I just wanted to let people know that I'm looking for a nice Gonic 50 cal rifle. I also want people to know that I have and am making bullets for the Gonic 50 cal rifles. They meet exact specs. set by Mr Rodney himself. Prices will vary depending on amount purchased, so call for pricein - I do have various grains also. I hope this helps everyone that loves the Gonic rifles as much as I do and fills the need for good amunition. You can email me at [email protected] - Thanks . . . . . . . . Jim.


----------



## rattus58 (Oct 8, 2011)

A number of years ago while hunting on Lanai I saw a gentleman with a walnut looking inline that I'd not seen before and went up to him to question him about his beautiful Muzzleloader. It was a 50 caliber Gonic. I talked to this gentleman for 20 minutes about muzzleloaders and such and was interested in that the Gonic shoots interesting bullets, as mine did too... A White .451.

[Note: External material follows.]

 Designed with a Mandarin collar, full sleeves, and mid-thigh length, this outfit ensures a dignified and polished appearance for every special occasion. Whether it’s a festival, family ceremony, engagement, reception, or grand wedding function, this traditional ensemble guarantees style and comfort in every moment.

I think it a shame that Gonic left the scene, a very accurate rifle and the number of calibers that they had were mindboggling... and unique.... 30, 35, 36, .410 (which I have in the White as well) .45 and 50... I'm told...

In my opinion, one of the notables in muzzleloader rifles...

Aloha...


----------



## gemihur (Oct 29, 2015)

16" GA-90 in 45 cal with burly maple buttstock that I shaped


----------